A decade ago, store director Ann Lin (林怡蕙) was an overwhelmed university student in Melbourne. She was walking by a mall one day when a mouthwatering scent wafted by. It turned out to be from a store where the owners were busy making candy in front of transfixed shoppers.
“I liked watching the way the candy makers interacted with their customers. When they were done, they invited everyone to try some and it was all very cheerful. At that time I was very homesick and under a lot of pressure, to the point where I could barely get my work done,” says Lin. “I was studying design and I thought, ‘Wouldn’t it be great if I could apply my creative ideas to candy?
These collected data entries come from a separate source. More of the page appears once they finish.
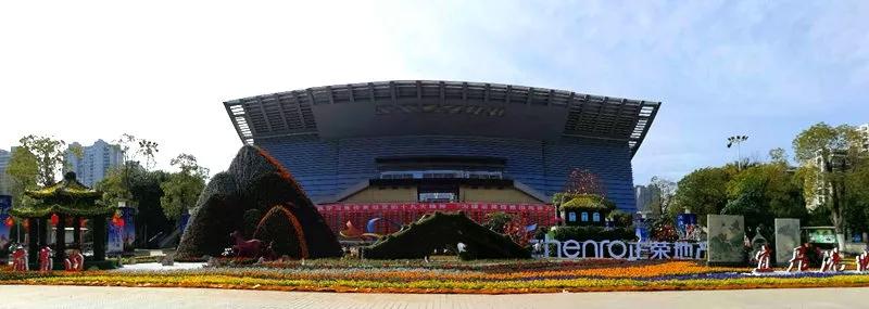 体育中心综合馆前广场迎春花坛占地面积约800平方米,高6.8米,长28米,宽30米。
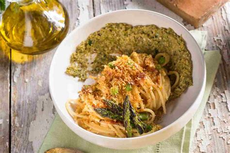 Un'altra deliziosa variante è rappresentata dagli spaghetti al pesto di asparagi e bottarga, un primo piatto primaverile perfetto. La ricetta si compone di un delizioso pesto di asparagi resa ancora più gustosa e decisa da una semplice spolverata di bottarga grattugiata. È una ricetta facile che si prepara in pochi e semplici passaggi, giusto il tempo di cuocere la pasta.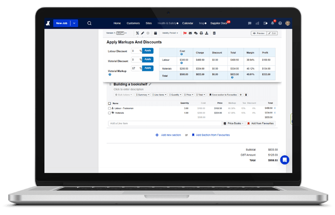 Markup is basically adding a percentage to your costs to determine the selling price. For example, if a job costs you $100 in materials and labour, and you apply a 50% markup, you'd sell it for $150 ($100 + 50%).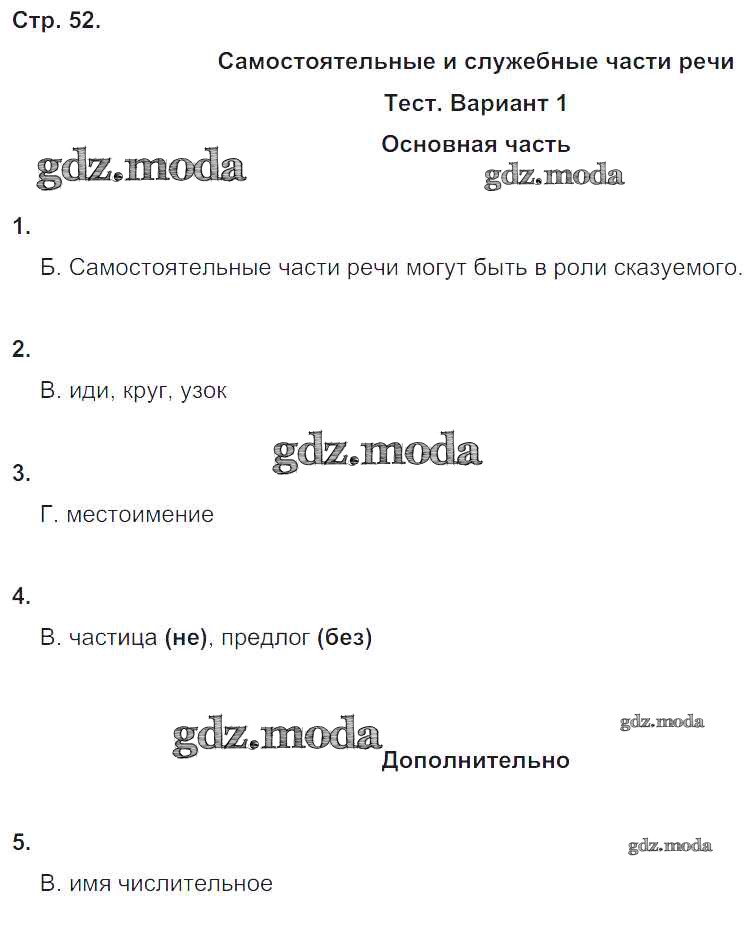 ГДЗ решение к заданию № 52 Русский язык 4 класс Тесты и самостоятельные работы для текущего контроля Калинина О.Б. (к уч. Желтовской) Дрофа 2017 ФГОС бесплатно на гдз.мода!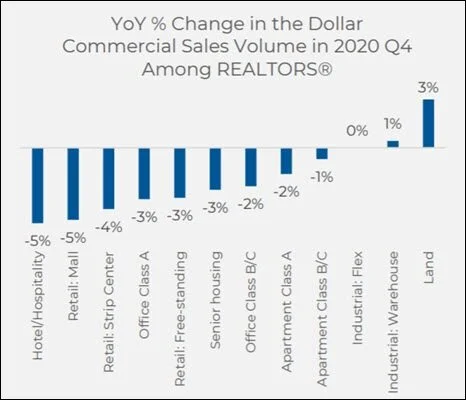 In the most recent NAR’s Commercial Real Estate Quarterly Market Survey at the end of 2020, Realtors reported that their sales transactions volume contracted in the fourth quarter. They reported the largest declines in sales volume in the hotel/hospitality market, retail malls, and retail strip centers. Industrial generally saw no negative change. The largest increase in sales was for land. Among land transactions, the largest gains in volume were for sales of recreational land, ranches, and residential land.

If I could open a store like that, it would be so wonderful.’”
But Lin’s fantasy remained just that for years while she worked as a Web and graphic designer in Taipei. Then one day she stumbled upon a Web site with news of Tommy Tang and Christopher King, the candy makers she met as a student. They had sold their shop in Australia, moved to Barcelona and founded Papabubble, which now has stores in Tokyo, Amsterdam and New York City.
“I contacted them and we talked for a year before I acquired the rights to market the brand in Taiwan,” says Lin. At the beginning of this year, Lin, her sister Christine Lin (林詩倩) and a co-worker traveled to Spain to study candy making at Papabubble headquarters for 12 weeks. Their store near Renai Circle opened one month ago.
“We learned everything, from basics like preparing the mixture and what temperatures to use, to how to make complicated designs,” says Lin.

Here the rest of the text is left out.